*** DATA PROVIDED Section Begins ***

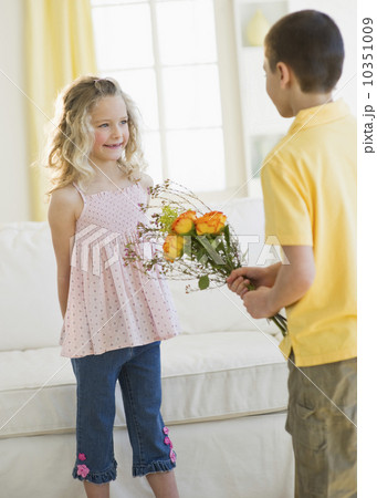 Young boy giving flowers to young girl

*** DATA PROVIDED Section Ends ***
*** DATA PROVIDED Section Begins ***

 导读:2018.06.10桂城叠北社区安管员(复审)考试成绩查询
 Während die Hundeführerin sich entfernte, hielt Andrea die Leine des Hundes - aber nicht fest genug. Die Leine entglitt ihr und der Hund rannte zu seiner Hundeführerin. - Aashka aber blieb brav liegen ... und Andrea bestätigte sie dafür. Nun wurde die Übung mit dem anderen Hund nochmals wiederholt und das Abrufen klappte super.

*** DATA PROVIDED Section Ends ***

> **GOAL OF THE EXERCISE**
Look above for the line with "导读:2018.06.10桂城叠北社区安管员(复审)考试成绩查询" and the line with "Während die Hundeführerin"; transcribe both and all lines in between, exactly, and nothing else.

> **ANSWER AREA**
 导读:2018.06.10桂城叠北社区安管员(复审)考试成绩查询
 Während die Hundeführerin sich entfernte, hielt Andrea die Leine des Hundes - aber nicht fest genug. Die Leine entglitt ihr und der Hund rannte zu seiner Hundeführerin. - Aashka aber blieb brav liegen ... und Andrea bestätigte sie dafür. Nun wurde die Übung mit dem anderen Hund nochmals wiederholt und das Abrufen klappte super.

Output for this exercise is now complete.